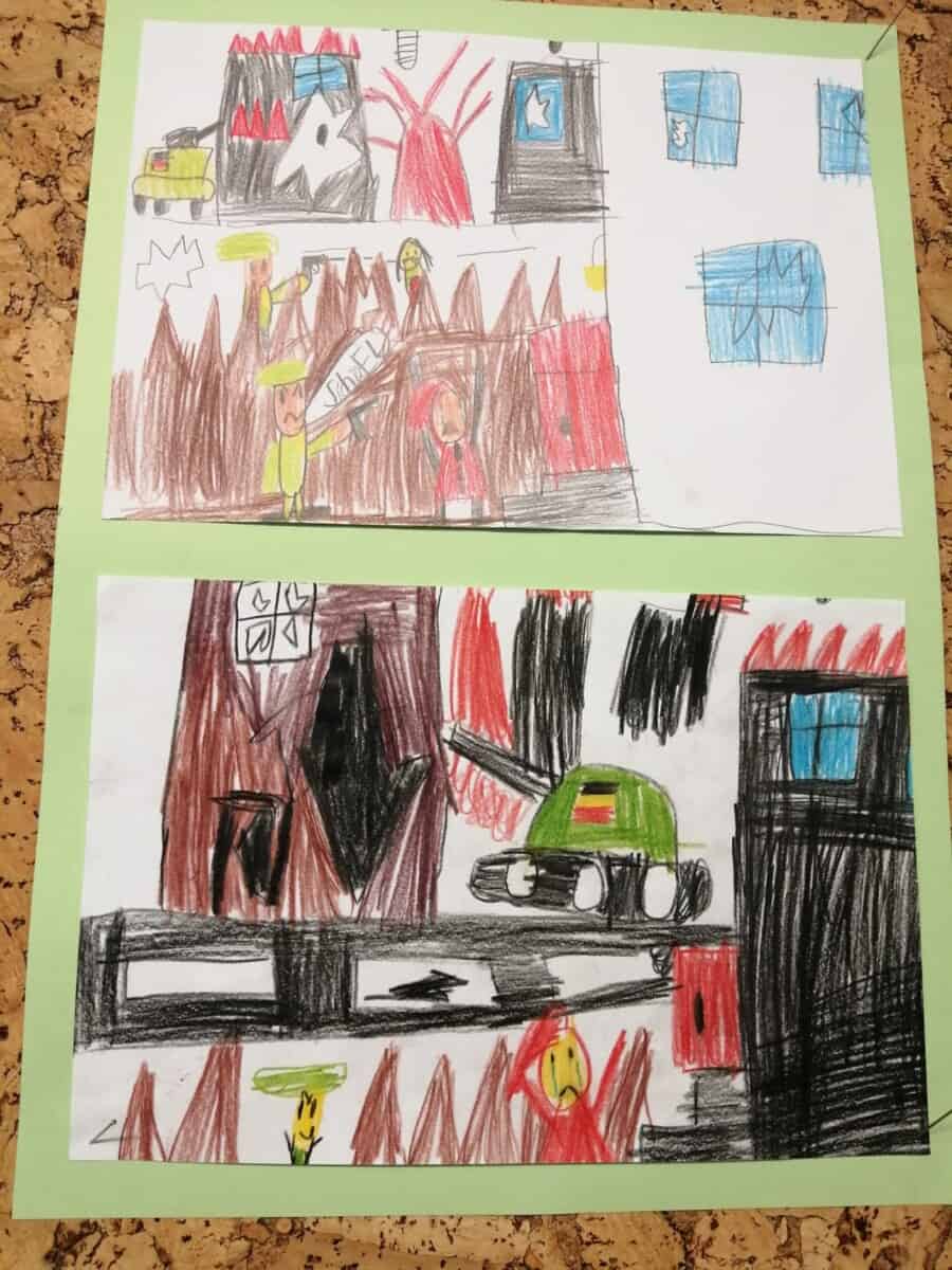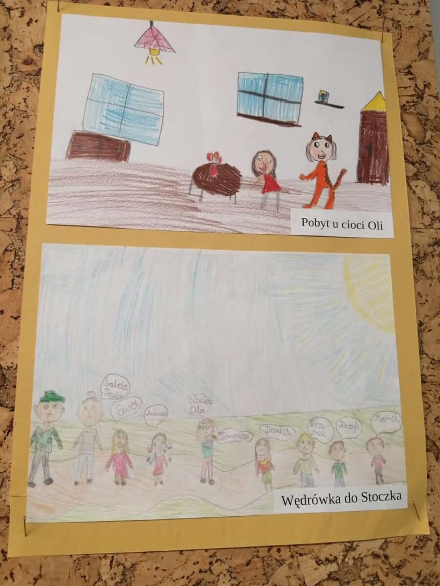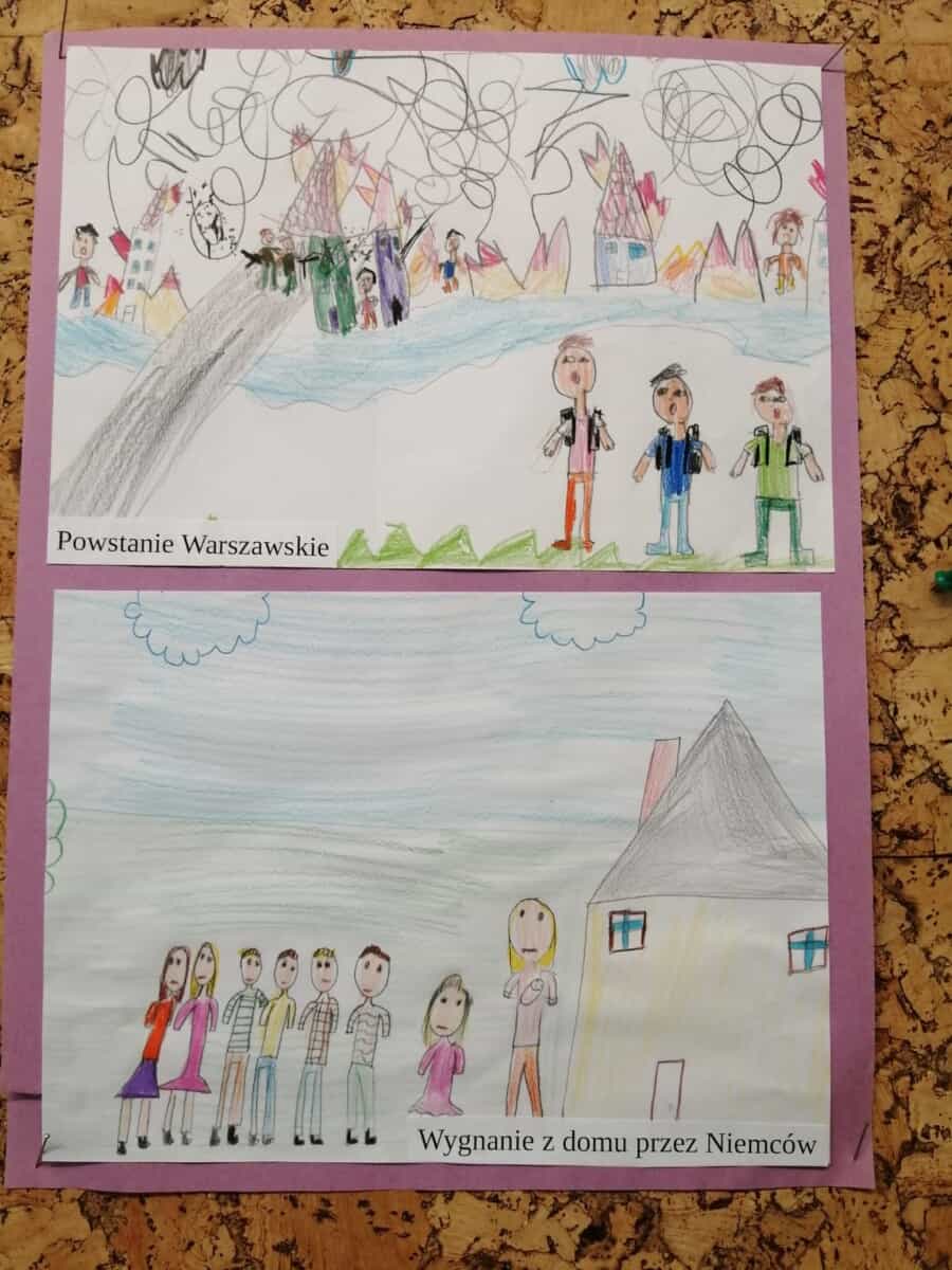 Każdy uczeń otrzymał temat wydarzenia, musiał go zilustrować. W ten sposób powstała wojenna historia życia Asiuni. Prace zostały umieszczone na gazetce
######
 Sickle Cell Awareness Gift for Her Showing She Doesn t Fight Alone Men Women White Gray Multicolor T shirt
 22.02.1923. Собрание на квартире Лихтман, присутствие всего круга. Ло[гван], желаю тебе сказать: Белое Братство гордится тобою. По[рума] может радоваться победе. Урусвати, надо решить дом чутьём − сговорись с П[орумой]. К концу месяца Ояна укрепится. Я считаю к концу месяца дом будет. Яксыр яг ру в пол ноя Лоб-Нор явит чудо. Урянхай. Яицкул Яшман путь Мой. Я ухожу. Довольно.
######
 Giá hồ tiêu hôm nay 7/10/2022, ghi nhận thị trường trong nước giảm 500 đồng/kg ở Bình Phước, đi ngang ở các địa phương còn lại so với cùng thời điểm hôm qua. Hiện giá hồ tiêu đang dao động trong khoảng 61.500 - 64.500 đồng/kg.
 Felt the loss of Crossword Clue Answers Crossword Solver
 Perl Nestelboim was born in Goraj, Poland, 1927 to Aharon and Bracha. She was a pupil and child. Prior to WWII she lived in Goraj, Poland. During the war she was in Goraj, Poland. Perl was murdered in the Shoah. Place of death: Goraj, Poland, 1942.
######
(The problem) Reproduce, character for character, only the lines of the preceding data that start at the line with "Giá hồ tiêu hôm" and end at the line with "Perl Nestelboim was", both included.

(Answer space)
 Giá hồ tiêu hôm nay 7/10/2022, ghi nhận thị trường trong nước giảm 500 đồng/kg ở Bình Phước, đi ngang ở các địa phương còn lại so với cùng thời điểm hôm qua. Hiện giá hồ tiêu đang dao động trong khoảng 61.500 - 64.500 đồng/kg.
 Felt the loss of Crossword Clue Answers Crossword Solver
 Perl Nestelboim was born in Goraj, Poland, 1927 to Aharon and Bracha. She was a pupil and child. Prior to WWII she lived in Goraj, Poland. During the war she was in Goraj, Poland. Perl was murdered in the Shoah. Place of death: Goraj, Poland, 1942.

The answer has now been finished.